For every line in the material, output its text exactly and exclude any image it holds.

● AVAILABLE DATA:

###

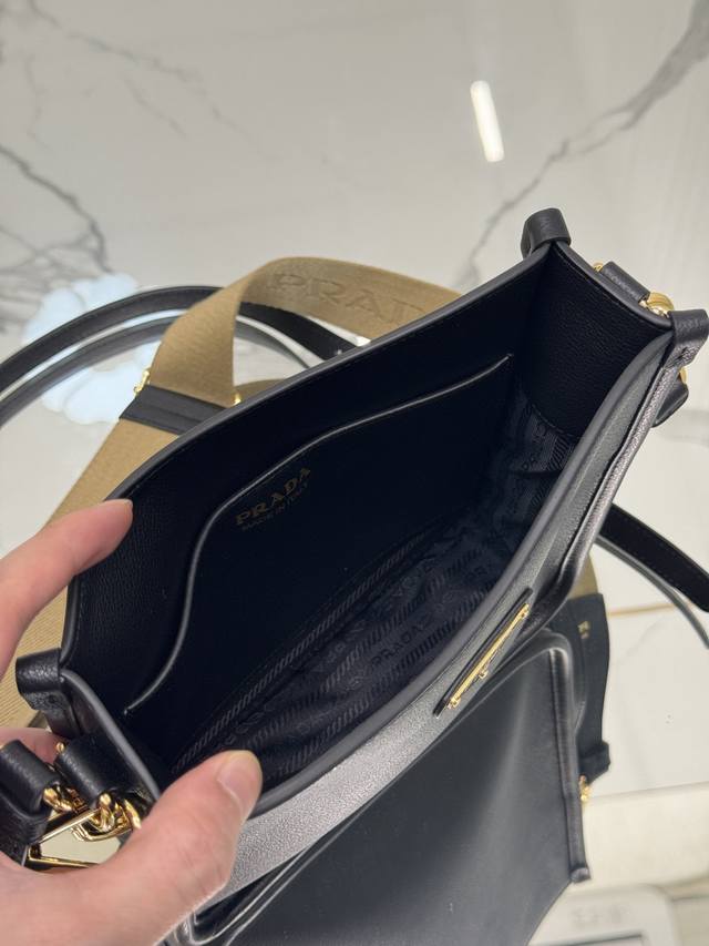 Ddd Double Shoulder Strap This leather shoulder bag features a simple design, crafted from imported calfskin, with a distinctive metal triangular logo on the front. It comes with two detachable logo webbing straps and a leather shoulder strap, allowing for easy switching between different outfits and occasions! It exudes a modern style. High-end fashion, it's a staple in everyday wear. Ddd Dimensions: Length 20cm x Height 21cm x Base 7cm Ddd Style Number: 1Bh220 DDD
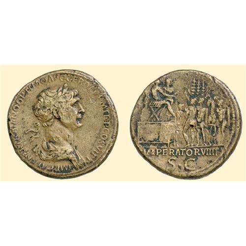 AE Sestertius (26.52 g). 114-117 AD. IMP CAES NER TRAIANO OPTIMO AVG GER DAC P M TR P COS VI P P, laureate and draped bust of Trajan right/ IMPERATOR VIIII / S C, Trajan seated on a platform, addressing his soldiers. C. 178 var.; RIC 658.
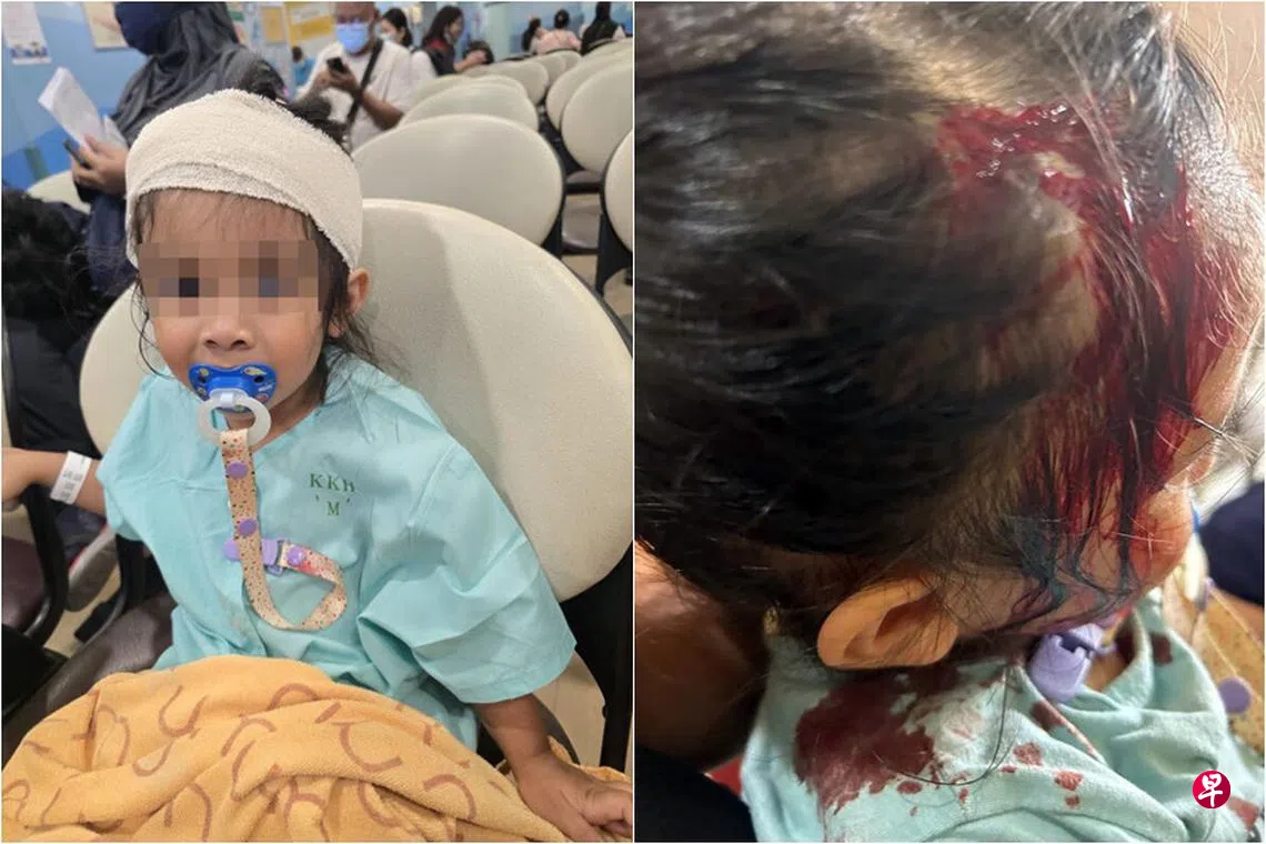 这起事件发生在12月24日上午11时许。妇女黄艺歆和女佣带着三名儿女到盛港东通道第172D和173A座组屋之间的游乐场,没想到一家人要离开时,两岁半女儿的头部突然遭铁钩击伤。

###

● SOLUTION FOR THIS PROBLEM:
 Ddd Double Shoulder Strap This leather shoulder bag features a simple design, crafted from imported calfskin, with a distinctive metal triangular logo on the front. It comes with two detachable logo webbing straps and a leather shoulder strap, allowing for easy switching between different outfits and occasions! It exudes a modern style. High-end fashion, it's a staple in everyday wear. Ddd Dimensions: Length 20cm x Height 21cm x Base 7cm Ddd Style Number: 1Bh220 DDD
 AE Sestertius (26.52 g). 114-117 AD. IMP CAES NER TRAIANO OPTIMO AVG GER DAC P M TR P COS VI P P, laureate and draped bust of Trajan right/ IMPERATOR VIIII / S C, Trajan seated on a platform, addressing his soldiers. C. 178 var.; RIC 658.
 这起事件发生在12月24日上午11时许。妇女黄艺歆和女佣带着三名儿女到盛港东通道第172D和173A座组屋之间的游乐场,没想到一家人要离开时,两岁半女儿的头部突然遭铁钩击伤。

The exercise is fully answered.